I could never make sense of Nokia X, the Android-with-Microsoft-services device which Nokia announced less than a year ago at Mobile World Congress in Barcelona:
If Nokia X is a worse Android than Android, and a worse Windows Phone than Windows Phone, what is the point of it and why will anyone buy?
Nokia X is Android without Google’s Play Store; if Amazon struggles to persuade developers to port apps to Kindle Fire (another non-Google Android) then the task for Nokia, lacking Amazon’s ecosystem, is even harder. Now, following Microsoft’s acquisition, it makes even less sense: how can Microsoft simultaneously evangelise both Windows Phone and an Android fork with its own incompatible platform and store?
Nokia X was meant to be a smartphone at feature phone prices, or something like that, but since Windows phone runs well on low-end hardware, that argument does not stand up either.
Now Nokia X is all but dead. Microsoft CEO Satya Nadella:
Second, we are working to integrate the Nokia Devices and Services teams into Microsoft. We will realize the synergies to which we committed when we announced the acquisition last September. The first-party phone portfolio will align to Microsoft’s strategic direction. To win in the higher price tiers, we will focus on breakthrough innovation that expresses and enlivens Microsoft’s digital work and digital life experiences. In addition, we plan to shift select Nokia X product designs to become Lumia products running Windows.

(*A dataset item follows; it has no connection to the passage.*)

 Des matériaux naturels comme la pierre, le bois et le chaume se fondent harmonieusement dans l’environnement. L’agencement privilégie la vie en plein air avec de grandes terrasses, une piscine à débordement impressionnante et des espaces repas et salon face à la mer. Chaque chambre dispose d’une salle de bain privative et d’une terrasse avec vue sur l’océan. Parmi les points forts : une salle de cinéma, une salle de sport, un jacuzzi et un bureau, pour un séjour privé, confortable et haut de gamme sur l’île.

This builds on our success in the affordable smartphone space and aligns with our focus on Windows Universal Apps.
and former Nokia CEO Stephen Elop, now in charge of Microsoft devices:
In addition to the portfolio already planned, we plan to deliver additional lower-cost Lumia devices by shifting select future Nokia X designs and products to Windows Phone devices. We expect to make this shift immediately while continuing to sell and support existing Nokia X products.
Nadella has also announced a huge round of job cuts, mainly of former Nokia employees, around 12,500 which is roughly 50% of those who came over. Nokia’s mobile phone business is no all Windows Phone (Lumia) and Nokia X. In addition, it sells really low-end phones, the kind you can pick up for £10 at a supermarket, and the Asha range which are budget smartphones. Does Microsoft have any interest in Asha? Elop does not even mention it.

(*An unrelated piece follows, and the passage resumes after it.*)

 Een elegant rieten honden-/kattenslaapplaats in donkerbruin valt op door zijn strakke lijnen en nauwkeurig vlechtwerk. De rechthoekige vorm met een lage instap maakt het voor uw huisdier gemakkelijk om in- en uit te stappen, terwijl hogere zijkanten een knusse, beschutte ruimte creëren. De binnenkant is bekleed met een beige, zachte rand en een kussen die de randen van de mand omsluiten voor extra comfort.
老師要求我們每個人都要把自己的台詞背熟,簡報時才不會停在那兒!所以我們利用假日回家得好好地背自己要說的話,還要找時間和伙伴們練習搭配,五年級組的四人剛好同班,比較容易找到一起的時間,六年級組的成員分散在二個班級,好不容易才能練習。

It seems then that Microsoft is focusing on what it considers strategic: Windows Phone at every price point, and Universal Apps which let developers create apps for both Windows Phone and full Windows (8 and higher) from a single code base.

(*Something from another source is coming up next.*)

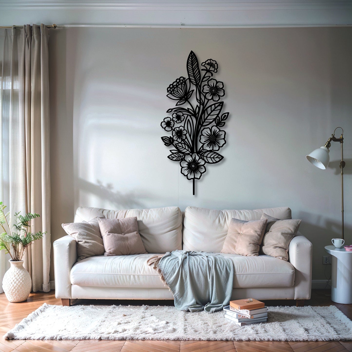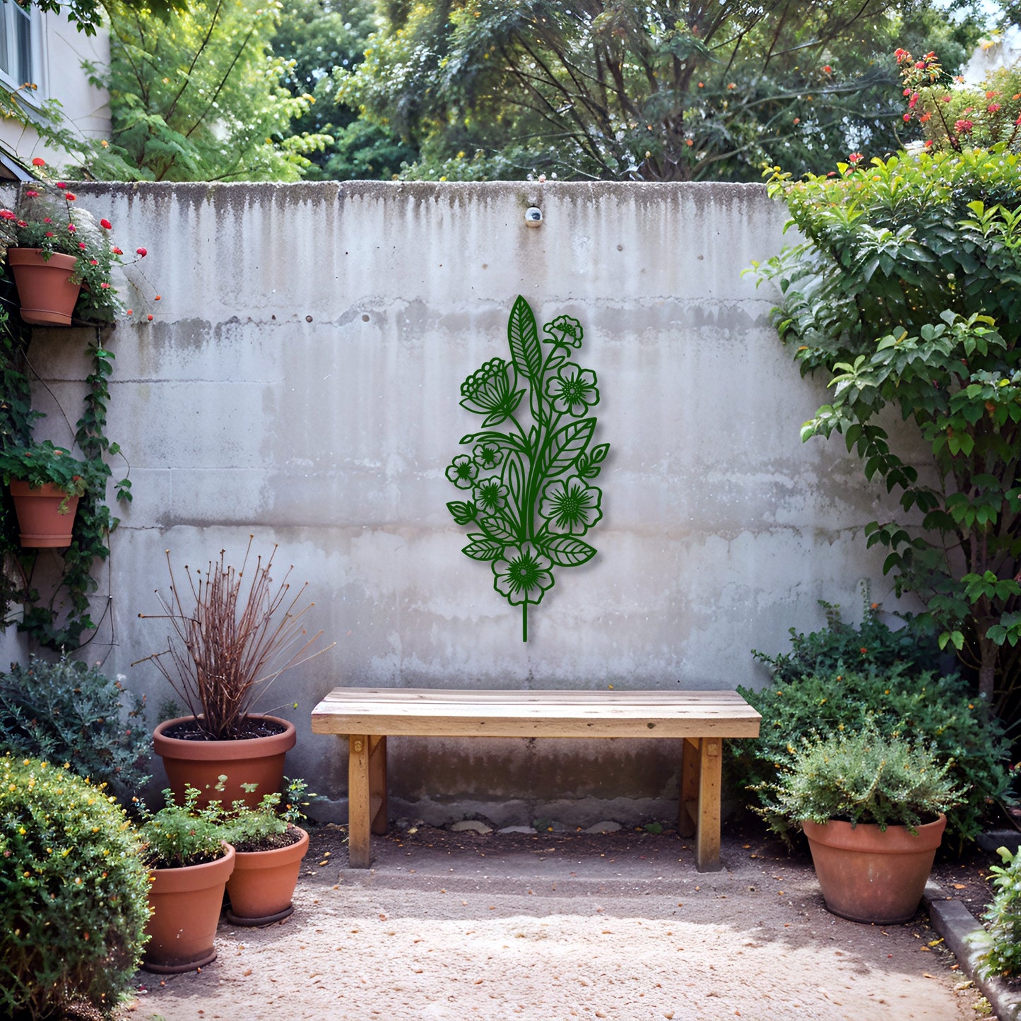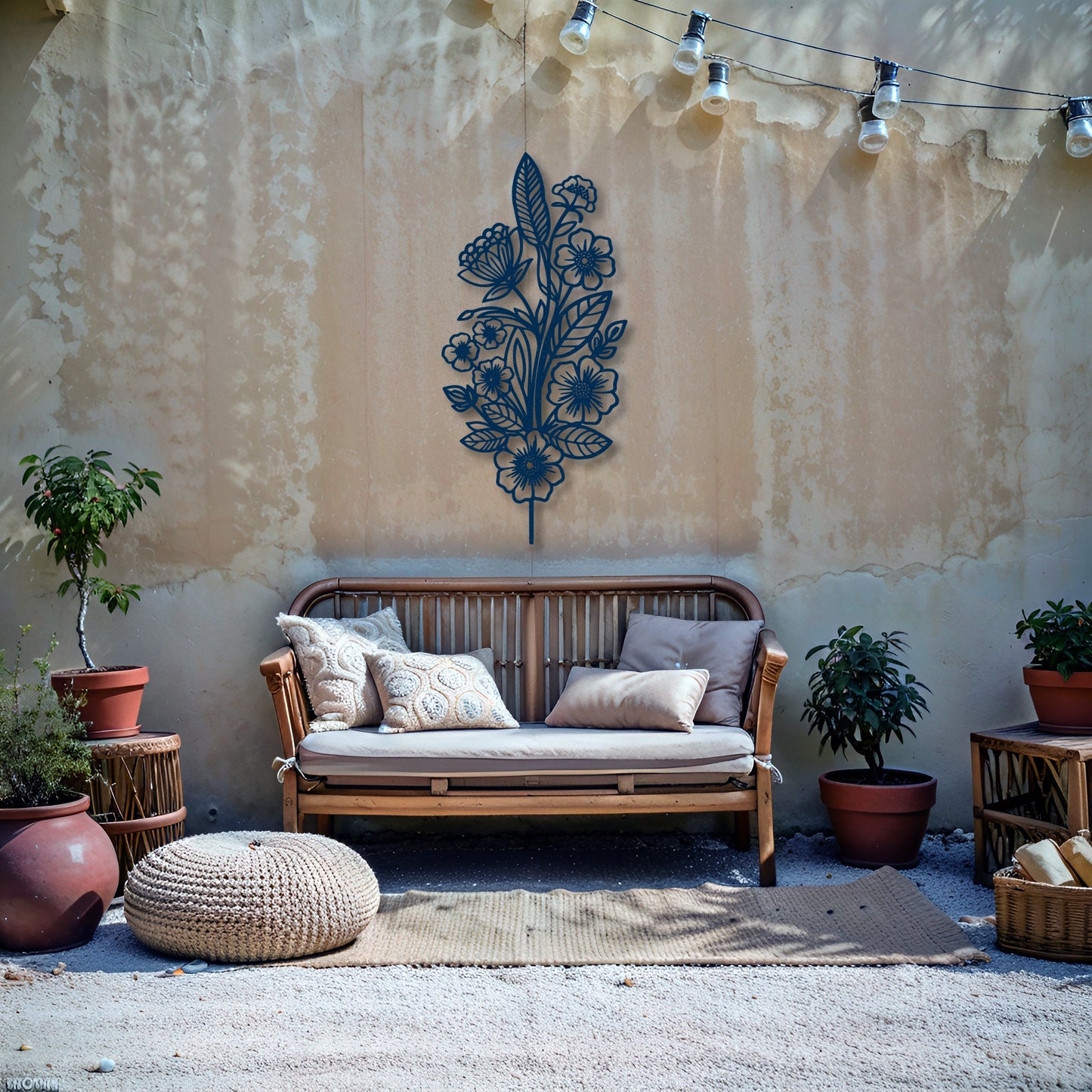 Add elegance to your space with this Tall Floral Metal Wall Art, featuring a sleek vertical design with blooming flowers and leaves. Perfect for filling narrow spaces in your home or enhancing outdoor walls, this handcrafted steel piece brings a touch of nature-inspired beauty to any environment.

Microsoft does also intend to support Android and iOS with apps, but has no need to make its own Android phones in order to do so.
My view is that Nokia did an good job with Windows Phone within the constraints of a difficult market; not perfect (the early Lumia 800 devices were buggy, for example), but better by far than Microsoft managed with any other OEM partner. I currently use a Lumia 1020 which I regard as something of a classic, with its excellent camera and general high quality.
It seems to me reassuring (from a Windows Phone perspective) that Microsoft is keeping Windows Phone engineering in Finland:
Our phone engineering efforts are expected to be concentrated in Salo, Finland (for future, high-end Lumia products) and Tampere, Finland (for more affordable devices). We plan to develop the supporting technologies in both locations.
says Elop, who also notes that Surface and Xbox teams will be little touched by today’s announcements.
Incidentally, I wrote recently about Universal Apps here (free registration required) and expressed the view that Microsoft cannot afford yet another abrupt shift in its developer platform; the continuing support for Universal Apps in the Nadella era makes that less likely.
Speculating a little, it also would not surprise me if Universal Apps were extended via Xamarin support to include Android and iOS – now that is really a universal app.
Will Microsoft add some kind of Android support to Windows Phone itself? This is rumoured, though it could be counter-productive in terms of winning over developers: why bother to create a Windows Phone app if your Android app will kind-of run?
Further clarification of Microsoft’s strategy is promised in the public earnings call on July 22nd.